Choropleths tend to overemphasize low-population density areas because size represents area instead of the statistic of interest. This is especially true for maps of the United States because many western states are large and have low-density populations. Tile grid maps, which give equal size to each state, mitigates this problem.

This example fills geom_tile() from library(ggplot2) with five discrete colors based on state CHIP enrollment and then uses facet_geo() from library(geofacet) to create a tile grid map.

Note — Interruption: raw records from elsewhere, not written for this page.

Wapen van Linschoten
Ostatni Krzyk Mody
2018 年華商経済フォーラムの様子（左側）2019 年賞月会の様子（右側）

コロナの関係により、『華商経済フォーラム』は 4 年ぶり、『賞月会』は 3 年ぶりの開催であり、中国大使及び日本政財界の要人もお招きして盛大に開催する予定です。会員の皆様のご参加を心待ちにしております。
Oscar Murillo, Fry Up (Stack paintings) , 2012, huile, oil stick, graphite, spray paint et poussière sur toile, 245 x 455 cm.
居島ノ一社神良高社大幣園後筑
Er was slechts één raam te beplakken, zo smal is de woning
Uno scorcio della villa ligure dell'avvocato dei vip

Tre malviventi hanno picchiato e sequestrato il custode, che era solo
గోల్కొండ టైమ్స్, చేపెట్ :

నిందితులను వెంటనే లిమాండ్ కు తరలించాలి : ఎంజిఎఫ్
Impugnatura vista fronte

# load the necessary packages
library(tidyverse)
library(forcats)
library(geofacet)

# read CHIP enrollment data
chip <- read_csv("mapping/data/chip-enrollment.csv",
  col_types = cols(
  State = col_character(),
  `CHIP Enrollment` = col_integer(),
  state_abbreviation = col_character()))

# Add xdimension = 1 and ydimension = 1 for dimensions of geom_tile. x and y  can be any arbitrary numbers greater than zero as long as xdimesion == ydimension.  Arrange the observations by state enrollment and add groups for the colors of the tiles 
chip <- chip %>%
  mutate(xdimension = 1, 
         ydimension = 1) %>%
  arrange(desc(`CHIP Enrollment`)) %>%
  mutate(enrollment_group = c(rep("Group 1", times = 11), 
                              rep("Group 2", times = 10), 
                              rep("Group 3", times = 10), 
                              rep("Group 4", times = 10), 
                              rep("Group 5", times = 10)))

# create a vector with 5 hexadecimal colors for the 5 groups
urban_colors <- c("#062635", "#12719e", "#46abdb", "#a2d4ec", "#cfe8f3")

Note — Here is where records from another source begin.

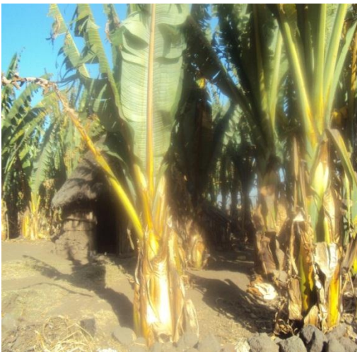
የሸክላ ባለሙያዎች ቤት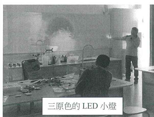
三原色的 LED 小燈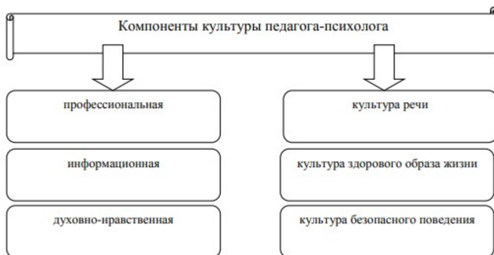
Рисунок 1 - Компоненты культуры педагога-психолога

Профессиональная культура педагога-психолога представляет собой синтез профессиональной компетенции, профессионально важных качеств педагога-психолога, мотивационно-ценностного отношения к психолого-педагогической деятельности, специфических видов и способов поведения, которые обеспечивают творческое решение психолого-педагогических задач.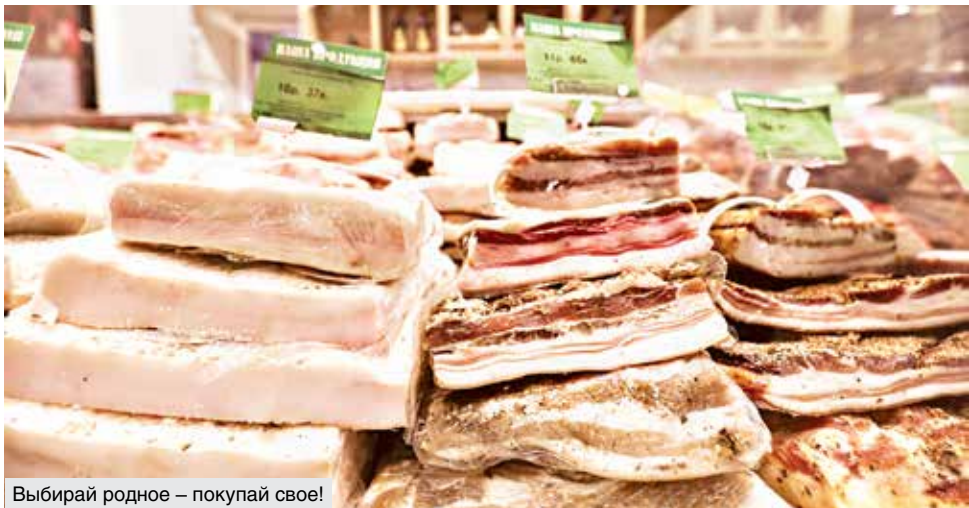
Выбери родное – покупай свое!

цена, закупки сведены к минимуму – и только по тем видам, которые необходимы для внутреннего потребления предприятий. А Белкоопсоюз полностью интегрирован в общегосударственную систему заготовки вторичных ресурсов.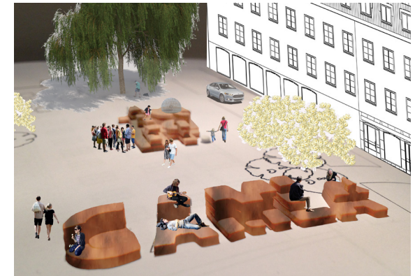
View towards northeast

Literature search was made to find information related to the project's keywords, with the intention to create a clear link between performance and results.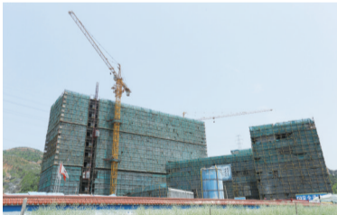
人民医院瑞祥分院

在市人民医院，常看到如下场景：万松路上排起长长的车队，许多车辆在排队等待进入医院；医院里，市民扎堆排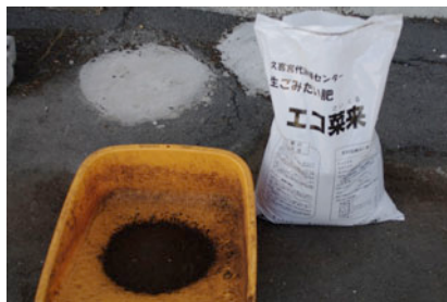
好評の有機肥料「エコ彩来」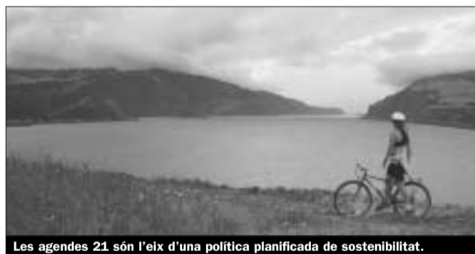
Les agendas 21 són l'eix d'una política planificada de sostenibilitat.

Els responsables de la Xarxa de Ciutats i Pobles cap a la Sostenibilitat , que agrupa 172 ajuntaments i ens locals catalans, exigeixen més competències i recursos per als ajuntaments en matèria ambiental. Sols així serà possible l'aplicació de polítiques que facilitin el desenvolupament sostenible en el camp municipal. La Xarxa, creada el 1997, ha celebrat recentment la seva 2a Assemblea general per debatre i aprovar el pla de treball per al període 2000-2001. Aquest pla de treball es fonamenta bàsicament en el desplegament de les Agendes 21 Locals com a instruments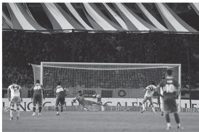
Salvada. El momento en el que "Chiquito" no hizo extrañar a Rossi. - Télam -

En lo que respecta al juego, el conjunto napolitano goleó 3-0, sumó su quinta victoria consecutiva y se afianzó aún más en la cima de la Serie A. - Télam -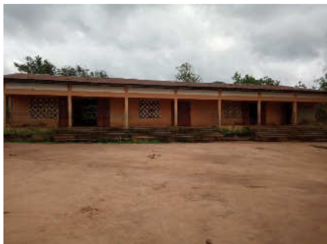
Ecole Primaire Publique de HAYAKPA, Octobre 2018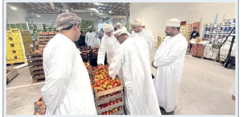
الزيارة تسهم في الالتزام بالإجراءات المنظمة للسوق

تأتي هذه الندوة في إطار الجهود الرامية إلى تعزيز كفاءة قطاع إعادة تدوير خردة الألمنيوم في سلطنة عُمان من خلال بحث أحدث الممارسات وتطوير آليات العمل في هذا القطاع، إلى جانب مراجعة أبرز التوصيات التي خرجت بها النسختان السابقتان. ومن المتوقع أن تشهد الندوة مشاركة واسعة تتجاوز ١٠٠ مشارك، يمثلون مختلف الجهات ذات العلاقة، بما في ذلك المؤسسات الحكومية، وشركات القطاع الخاص المعنية بقطاع صناعة الألمنيوم وجمع وإعادة

# create a custom geofacet grid
urban_grid <- tibble(
  row = c(1, 1, 2, 2, 2, 3, 3, 3, 3, 3, 3, 3, 3, 3, 4, 4, 4, 4, 4, 4, 4, 4, 4, 
          4, 4, 5, 5, 5, 5, 5, 5, 5, 5, 5, 5, 6, 6, 6, 6, 6, 6, 6, 6, 7, 7, 7, 
          7, 7, 8, 8, 8),
  col = c(1, 11, 6, 10, 11, 1, 2, 3, 4, 5, 6, 7, 9, 10, 1, 2, 3, 4, 5, 6, 7, 8, 9, 10, 11, 1, 2, 3, 4, 5, 6, 7, 8, 9, 10, 2, 3, 4, 5, 6, 7, 8, 9, 4, 5, 6, 7, 8, 1, 4, 9),
  code = c("AK", "ME", "WI", "VT", "NH", "WA", "ID", "MT", "ND", "MN", "IL", "MI", "NY", "MA", "OR", "NV", "WY", "SD", "IA", "IN", "OH", "PA", "NJ", "CT", "RI", "CA", "UT", "CO", "NE", "MO", "KY", "WV", "VA", "MD", "DE", "AZ", "NM", "KS", "AR", "TN", "NC", "SC", "DC", "OK", "LA", "MS", "AL", "GA", "HI", "TX", "FL"),
  name = c("Alaska", "Maine", "Wisconsin", "Vermont", "New Hampshire", "Washington", "Idaho", "Montana", "North Dakota", "Minnesota", "Illinois", "Michigan", "New York", "Massachusetts", "Oregon", "Nevada", "Wyoming", "South Dakota", "Iowa", "Indiana", "Ohio", "Pennsylvania", "New Jersey", "Connecticut", "Rhode Island", "California", "Utah", "Colorado", "Nebraska", "Missouri", "Kentucky", "West Virginia", "Virginia", "Maryland", "Delaware", "Arizona", "New Mexico", "Kansas", "Arkansas", "Tennessee", " North Carolina", "South Carolina", " District of Columbia", "Oklahoma", "Louisiana", "Mississippi", "Alabama", "Georgia", "Hawaii", "Texas", "Florida")
)

# create tile grid map
chip %>%
  ggplot(aes(x = xdimension, y = ydimension, fill = enrollment_group)) +
    geom_tile() +
    scale_fill_manual(values = urban_colors) +  
    geom_text(aes(label = state_abbreviation), color = "white") +
    facet_geo(facets = ~state_abbreviation, grid = urban_grid) +
    labs(title = "State CHIP Enrollment", 
         x = NULL,
         y = NULL) +
    coord_equal() +
    theme(axis.text = element_blank(),
          axis.ticks = element_blank(),
          axis.line = element_blank(),
          strip.text = element_blank(),
          plot.background = element_rect(color = "white"),    
          panel.background = element_blank(),     
          panel.grid = element_blank(),
          panel.spacing = unit(0L, "pt"),
          panel.grid.major = element_blank(),
          panel.grid.minor = element_blank())

Geofaceting


library(geofacet) adds geofaceting functionality to library(ggplot2). Geofaceting arranges sub-geography-specific plots into a grid that resembles a larger geography.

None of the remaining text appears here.